Why PyTorch does not zero automatically: gradient accumulation is a deliberate feature, not a bug. It enables training with effective batch sizes larger than what fits in GPU memory. If your GPU can hold batch size 8 but you want the gradient quality of batch size 32, you run 4 forward-backward passes (each with batch 8) without zeroing gradients, then call optimizer.step(). The accumulated gradient is mathematically equivalent to computing the gradient over all 32 samples at once.
The accumulation semantics also enable multi-task and multi-loss training.

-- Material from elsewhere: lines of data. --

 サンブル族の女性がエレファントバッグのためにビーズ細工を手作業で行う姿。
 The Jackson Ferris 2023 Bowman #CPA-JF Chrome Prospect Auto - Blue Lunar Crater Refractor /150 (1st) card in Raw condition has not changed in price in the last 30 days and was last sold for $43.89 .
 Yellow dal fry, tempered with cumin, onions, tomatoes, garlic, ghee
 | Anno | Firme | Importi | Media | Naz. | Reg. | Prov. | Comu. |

If you have two losses (classification loss + reconstruction loss), you can call loss1.backward() and loss2.backward() separately, and the gradients accumulate correctly.

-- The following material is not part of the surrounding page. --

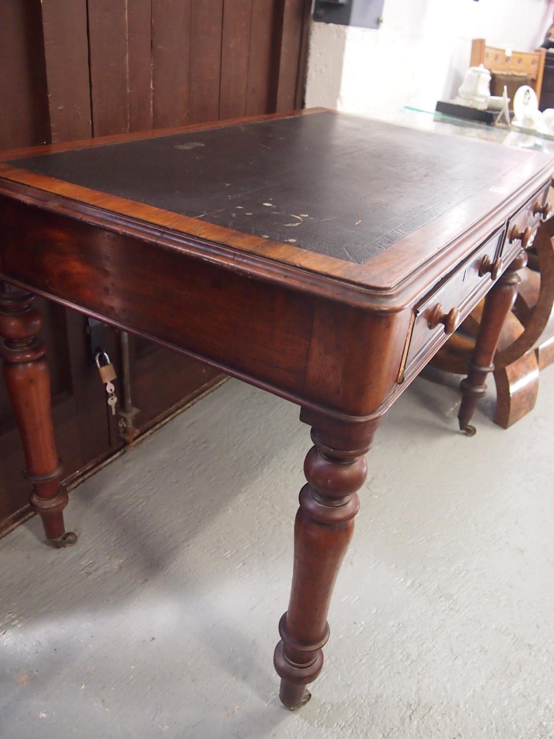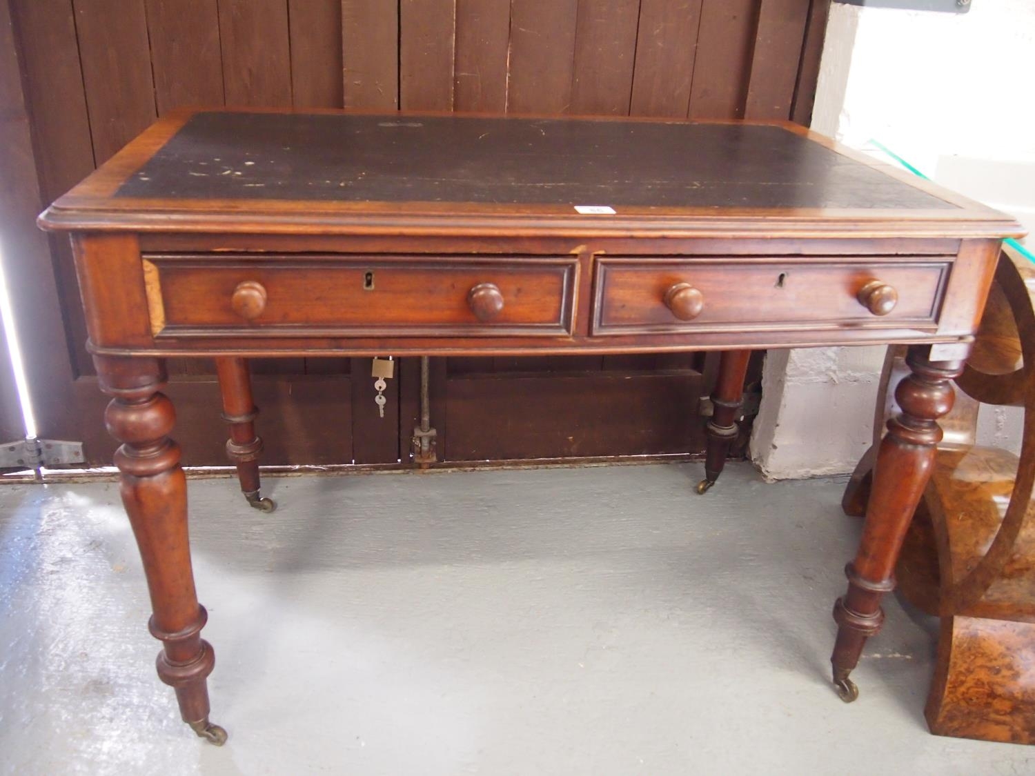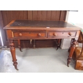 A Victorian two drawer writing table on brass castors

Best practice: always call optimizer.zero_grad() at the start of each training iteration (before loss.backward()), not after optimizer.step().
Follow-up: If you are using gradient accumulation to simulate a larger batch size, do you need to scale the loss or gradients?Yes, you need to scale. If you accumulate over K micro-batches, each backward pass adds gradients as if the loss were computed over one micro-batch. The accumulated gradient is K times larger than the gradient from a single forward-backward pass on the full batch (because PyTorch averages over samples within a batch but sums across backward calls). You should divide the loss by K before calling backward (so each backward contributes 1/K of the gradient), or divide the gradient by K after accumulation before optimizer.step(). If you forget to scale, your effective learning rate is K times larger than intended, which can cause instability. The loss division approach is cleaner and more common.